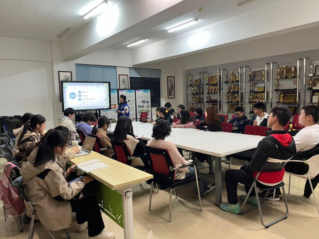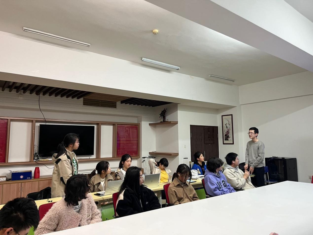 为深入学习党的二十大精神,深刻理解“强国复兴”的意义,激发同学们的爱国情怀,11月21日晚,学院2309团支部开展了以“生逢其时拼搏,强国复兴有我”为主题的团日活动。活动邀请了20级优秀学长赵卓伟为同学们分享学习经验,2309团支部全体成员参加。活动由团支书庞佳佳主持。
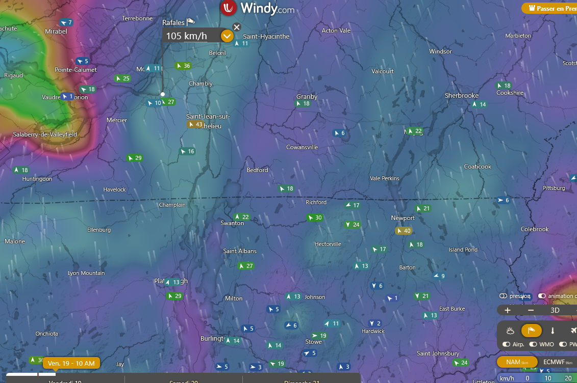 Oui, tu as raison. Je n'étais pas allé assez loin dans le temps et m'étais concentré surtout sur les vents du sud, qui sont canalisés dans la vallée du Richelieu. Effectivement, de fortes rafales avec le passage du front froid, vendredi. -
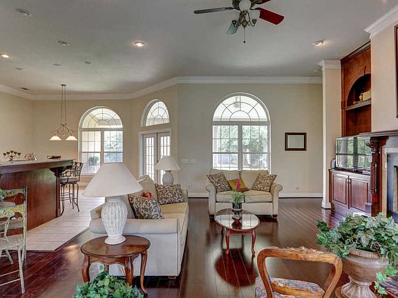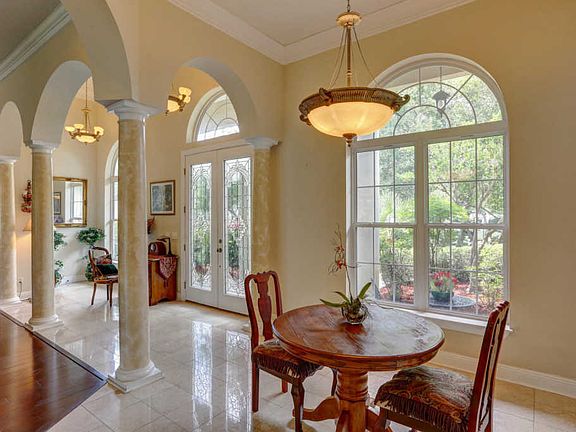 This exquisite 3 bedroom/2 bath home in the Palm Bay subdivision is a showstopper. As you enter the double stained glass front door into the marble tile foyer, the open floor plan with 12' ceilings and arched windows invite you in with tons of natural light. The marble floors wrap around to the open formal dining area with more arched windows. The living area is inviting with rich colored hardwood floors, and matching exquisitely carved wood mantle with arched built-in bookcases. The deep color and details of the mantle and built-ins extend into the kitchen which includes high-end cabinets, marble countertops, tile floors, stainless steel appliances, and wraparound bar that overlooks the breakfast area. The master suite has French doors that lead to the covered paver
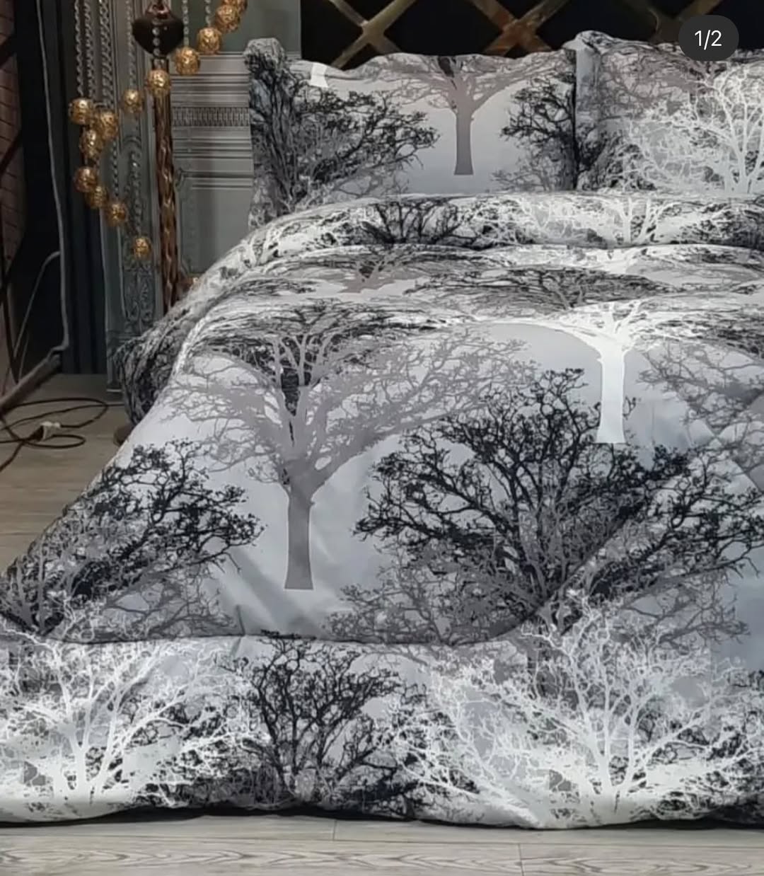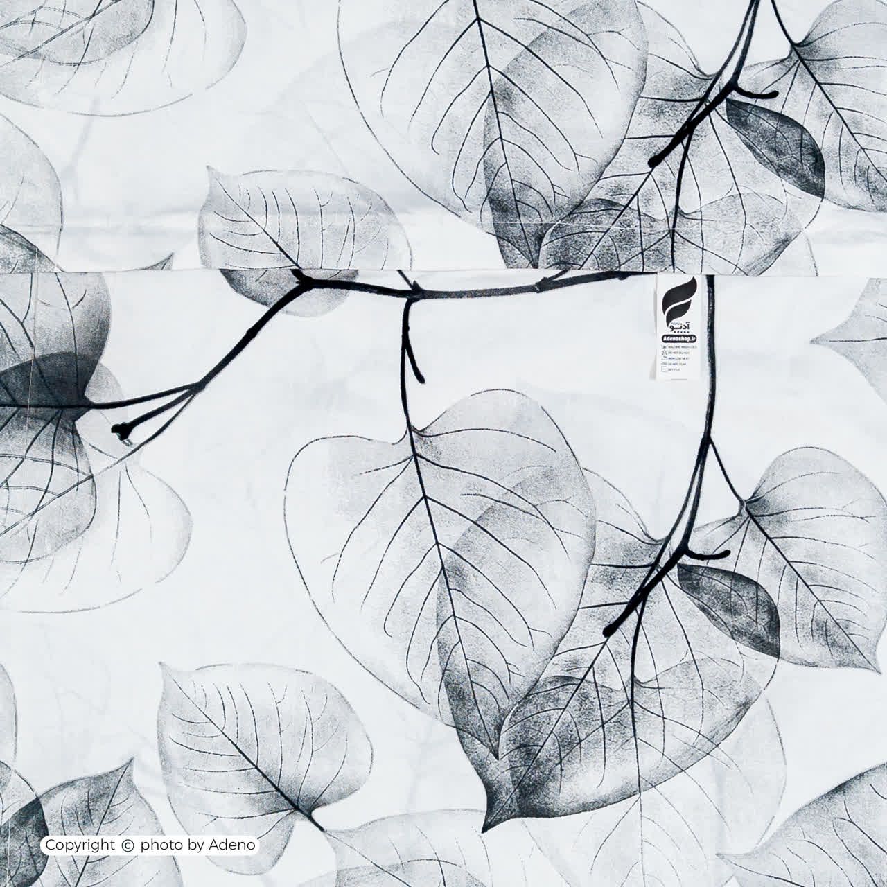پارچه ملحفه طرح درختی مشکی وسفید عرض 240

TASK STATEMENT: Repeat, line for line and exactly, the material from its first line through the line that contains "Oui, tu as raison.", both ends included; no pictures belong in the copy.

WRITTEN ANSWER:
 为深入学习党的二十大精神,深刻理解“强国复兴”的意义,激发同学们的爱国情怀,11月21日晚,学院2309团支部开展了以“生逢其时拼搏,强国复兴有我”为主题的团日活动。活动邀请了20级优秀学长赵卓伟为同学们分享学习经验,2309团支部全体成员参加。活动由团支书庞佳佳主持。
 Oui, tu as raison. Je n'étais pas allé assez loin dans le temps et m'étais concentré surtout sur les vents du sud, qui sont canalisés dans la vallée du Richelieu. Effectivement, de fortes rafales avec le passage du front froid, vendredi. -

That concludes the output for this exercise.